The Gentry is an American band from Portland, Oregon, formed in 2003 by DJ/producer Gino Mari. The band is most commonly classified in the electronic, alternative rock and rock music genres.

==History==

=== 2003-2007: the early years ===
The Gentry released its first single "The Demons // Tongue In Chic" in 2004, followed by another single "We Want More" in 2005. In 2006, The Gentry released "Sweet Gossip TV", an 8-song EP made up of new material and songs from the band's first two singles. Willamette Week wrote ""Frontman Gino Mari's voice adds a sexiness that all those glam-rock bands brought us. Their flamboyant sound is quite appealing." The following year, in 2007, The Gentry released a new single, "The Latent Stranger". Portland's Local Cut wrote, “Driven by a New Waver’s sensibility for electronic hooks and spiked with ragged guitar licks covered in grime and Pop Rocks, the quartet’s latest packs a wallop.” In 2008 Portland Pop Tomorrow wrote "The Gentry cut a divergent path across genres and movements. Pieces of glam, punk, new wave, electro, soul, psychedelia, industrial, hip hop and rock & roll are sewn together with a pop sense of pomp and precision. The Gentry is a well-bred machine of musical brilliance. In an intricate combination, all five members provide an essential role in making the band a magnificent electrical symphony”.

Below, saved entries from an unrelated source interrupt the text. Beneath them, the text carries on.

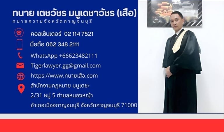 ทนายเตชวัชร มนูเดชาวัชร มือถือ: 062 348 2111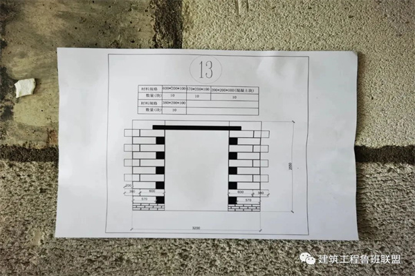 砌筑前应绘制排砖组砌图,需将反坎、拉结筋、腰梁(如有)、顶砖位置表达清楚,绘制门窗定位图,须将洞口左右、上下定位清楚,并及时向工人技术交底。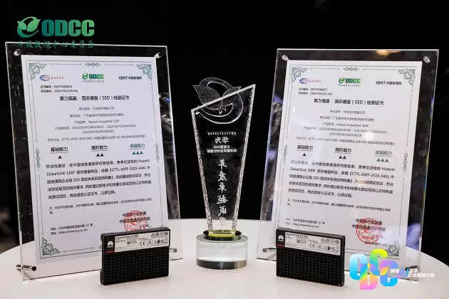 [中国,北京,2025年9月11日] 在以“拥抱AI变革,点燃算网引擎”为主题的2025开放数据中心大会(简称“ODCC”)举办期间,华为主导的“大容量SSD技术要求及评价指标”标准荣获ODCC 2025年度卓越成果奖,华为OceanDisk 116P和OceanDisk 300P获得中国信息通信研究院颁发的算力强基·企业级SSD卓越产品称号。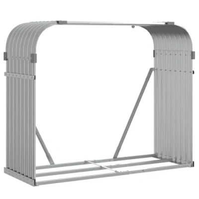 vidaXL Galvanised Steel Log Holder Firewood Rack Light Grey, Ample Space, Ventilated, Secure, for Gardens/Patios/Outdoor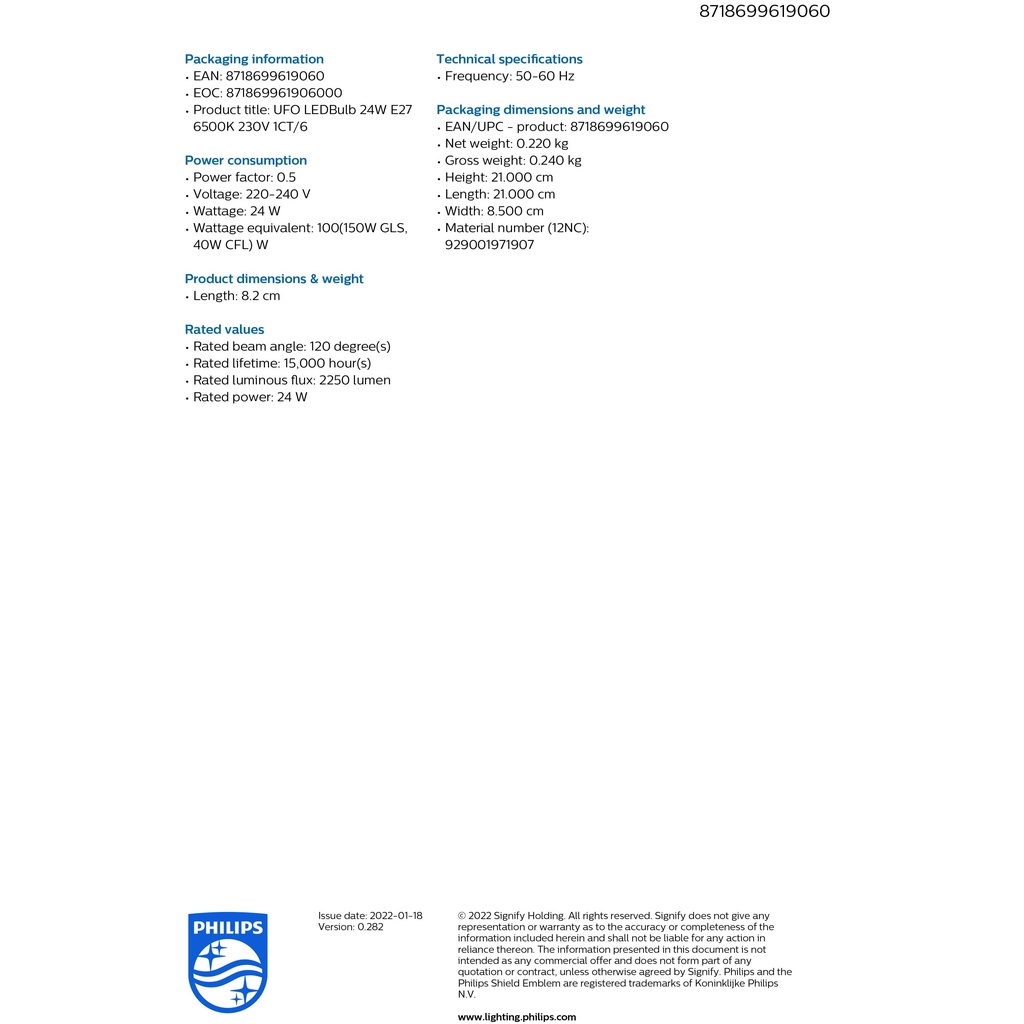 Philips UFO LED Bulb 15W / 24W E27 6500K (Cool Day Light)

=== 2009-2014: touring, "Sex By The Unit" ===
In 2009 the band put out "Sex By The Unit", a 7-song EP made up of new material and toured the U.S. in support of the release. The Portland Tribune wrote "The Gentry manages to easily bridge the gap between experimental and accessible." in a review of one of their shows that year. The Gentry has performed with The Presets, Nitzer Ebb, Freezepop, Logan Lynn, Chi Chi LaRue, Frenchie Davis, Covenant, Apoptygma Berzerk, Birthday Massacre and many others. In 2012 The Gentry announced on their social media that they were working on a new record, tentatively set for a 2014 release.

===Collaboration with Logan Lynn===

The band toured in support of The Dandy Warhols protégé Logan Lynn from 2009 to 2010. As a launching-pad project for The Country Club studios, Gino Mari produced two singles for Lynn, as well as Logan Lynn's hit record "Tramp Stamps and Birthmarks" from 2012. In July 2013 Gino Mari again toured with Logan Lynn and is featured on Lynn's "Live From Seattle" album, released in August 2013. That same month, Lynn released a cover of We Can't Stop by Miley Cyrus which was co-written and produced by Mari. In September 2014, Gino Mari produced another two-song single for Logan Lynn titled "We Will Overcome", in advance of a full-length album “ADIEU.” which was released in September 2016.

===The Country Club Studios===

In 2011 Gino Mari launched The Country Club recording studios in Hillsboro, Oregon. Logan Lynn's "Tramp Stamps and Birthmarks" was the first major album release out of the studio in December 2012.